Closed Apollon77 closed 3 years ago
If someone out there is willing to implement this feature properly and submit a patch, I will be happy to integrate it.
Some comments/guides on this (including the reasons why I personally did not miss the feature for more than 15 years - but, of course, opinions are always subjective...):
The feature would need to be optional (see 2.).
Calculating checksums of each file on each backup run has a very serious impact on performance. Caching of of checksums can partially help and is probably mandantory, but that would need to be implemented very carefully (considering unplanned interruptions, user-provided drivers etc. ...).
By the concept of hierarchically incremental backups, the waste of storage is limited to O(log N), where N is the number of backups. This mechanism alliviates the waste of storage capacity (though not the amount of write operations, which may be a problem if the backup device is an SSD).
I am not a big fan of storing Hashes for each file. Performance and storage questions arise...
Calculative example: The data storage on my primary server has about 600,000 files. With a sha256sum (64 hex digits) for each file + file path (assuming 36 chars per path for easier calc) it's 600,000 * 100 = 60,000,000
, around 60 Mb... These data has to be present while comparing.

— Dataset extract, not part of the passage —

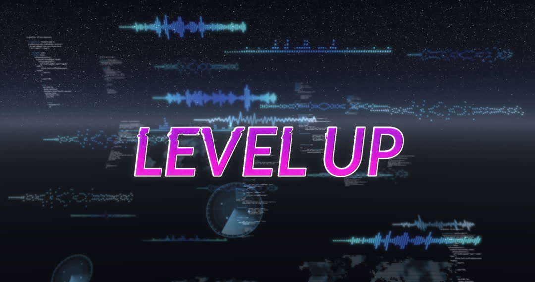 This visual with 'Level Up' text on a digital backdrop symbolizes progress in a digital or gaming context. Ideal for articles or posts about gaming, technology advancements, motivation, or software updates. It captures attention with its vibrant font and data streams, perfect for marketing tech-related products or virtual services highlighting development and innovation.

The other way around would be to have the files named "better". It's like it is with log(-rotation)... Per default it only adds an incremental number to the files (my.log -> my.log.1 -> my.log.2.gz
), but you can configure it to add dates (my.log -> my.log.20181224 -> my.log.20181223.gz
), so it can be backed up easily without comparing file hashes...
What about doing the same for your db backup? You can run it at PRE_BACKUP
containing something like
oldpath=$(pwd)
cd /path/to/my/db/backup
rename 's/^\d+T\d+Z(.*)$/backup$1/' 2*
cd "$oldpath"
Just try it. Navigate to your backup an run
rename -n 's/^\d+T\d+Z(.*)$/backup$1/' 2*
The -n
option will just output without renaming anything. So you can check, if it's working out for you. I checked it against the file listing provided on this page and it works flowlessly.
Closing this for now, since the benefit of such an option is questionable, and no other comments/contributions came up in the past two years ...
Thanks @boppy for the help and explanation!
hey,
I use your backup scripton some machines, and also one with an InfluxDB and I want to backup the DB backup. When you create a DB backup for InfluxDB it generated many files with the data because InfluxDB uses "shards" (data junks with all e.g. 7 days) internally you get one file per shard.But they all get a new date when they are generated. But older shard-backup-files that were not changed have the same data in, but a new timestamp. Here it would be great to have the file content (means checksum) to be used to identify changes instead of the date o such.
Is there any chance to get this feature?